See the code changes:
def create_model(is_predicting, input_ids, input_mask, segment_ids, labels,
num_labels):
"""Creates a classification model."""
bert_module = hub.Module(
BERT_MODEL_HUB,
trainable=True)
bert_inputs = dict(
input_ids=input_ids,
input_mask=input_mask,
segment_ids=segment_ids)
bert_outputs = bert_module(
inputs=bert_inputs,
signature="tokens",
as_dict=True)
# Use "pooled_output" for classification tasks on an entire sentence.
# Use "sequence_outputs" for token-level output.
output_layer = bert_outputs["pooled_output"]
pooled_output = output_layer
hidden_size = output_layer.shape[-1].value
# Create our own layer to tune for politeness data.
output_weights = tf.get_variable(
"output_weights", [num_labels, hidden_size],
initializer=tf.truncated_normal_initializer(stddev=0.02))
output_bias = tf.get_variable(
"output_bias", [num_labels], initializer=tf.zeros_initializer())
with tf.variable_scope("loss"):
# Dropout helps prevent overfitting
output_layer = tf.nn.dropout(output_layer, keep_prob=0.9)
logits = tf.matmul(output_layer, output_weights, transpose_b=True)
logits = tf.nn.bias_add(logits, output_bias)
log_probs = tf.nn.log_softmax(logits, axis=-1)
probs = tf.nn.softmax(logits, axis=-1)
# Convert labels into one-hot encoding
one_hot_labels = tf.one_hot(labels, depth=num_labels, dtype=tf.float32)
predicted_labels = tf.squeeze(tf.argmax(log_probs, axis=-1, output_type=tf.int32))
# If we're predicting, we want predicted labels and the probabiltiies.
if is_predicting:
return (predicted_labels, log_probs, probs, pooled_output)
# If we're train/eval, compute loss between predicted and actual label
per_example_loss = -tf.reduce_sum(one_hot_labels * log_probs, axis=-1)

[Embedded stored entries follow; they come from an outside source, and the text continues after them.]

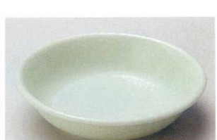
07624-319 グリンフルーツ皿 250円 90入 (14.6×3.5cm)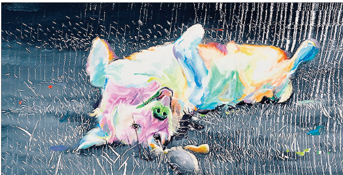
'La alegría de vivir', óleo en aluminio que se exhibirá en el hotel madrileño hasta el 12 de marzo.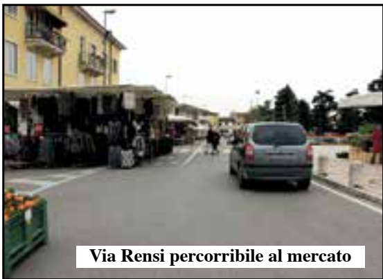
Via Rensi percorribile al mercato

Ora percorrendo il senso unico di via S.Francesco si può arrivare al parcheggio del Castello. «Uscendo dal parcheggio - spiega il consigliere Angiolino Faccioli - si può girare a destra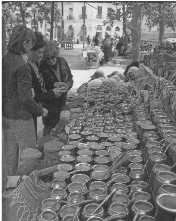
市民在购买马黛茶茶具

在乌拉圭随机抓拍的不少人像照片中,腋下夹着小暖瓶、手持简易马黛茶具的人物形象比比皆是。马黛茶的茶具,也已成为乌拉圭人须臾不可分离的终身伴侣。

loss = tf.reduce_mean(per_example_loss)
return (loss, predicted_labels, log_probs, probs, pooled_output)
Now in the model_fn_builder()
add support for those values:
# this should be changed in both places
(predicted_labels, log_probs, probs, pooled_output) = create_model(
is_predicting, input_ids, input_mask, segment_ids, label_ids, num_labels)
# return dictionary of all the values you wanted
predictions = {
'log_probabilities': log_probs,
'probabilities': probs,
'labels': predicted_labels,
'pooled_output': pooled_output
}
Adjust getPrediction()
accordingly and in the end your predictions will look like this:
('That movie was absolutely awful',
array([0.99599314, 0.00400678], dtype=float32), <= Probability
array([-4.0148855e-03, -5.5197663e+00], dtype=float32), <= Log probability, same as previously
'Negative', <= Label
array([ 0.9181199 , 0.7763732 , 0.9999883 , -0.93533266, -0.9841384 ,
0.78126144, -0.9918988 , -0.18764131, 0.9981035 , 0.99999994,
0.900716 , -0.99926263, -0.5078789 , -0.99417543, -0.07695035,
0.9501321 , 0.75836045, 0.49151263, -0.7886792 , 0.97505844,
-0.8931161 , -1. , 0.9318583 , -0.60531116, -0.8644371 ,
...
and this is 768-d [CLS] vector (sentence embedding).
Regarding 2): At my end training took about 5 minutes and test about 40 seconds. Very reasonable.
UPDATE
For 20k samples it took 12:48 to train and 2:07 minutes to test.
For 10k samples timings are 8:40 and 1:07 respectively.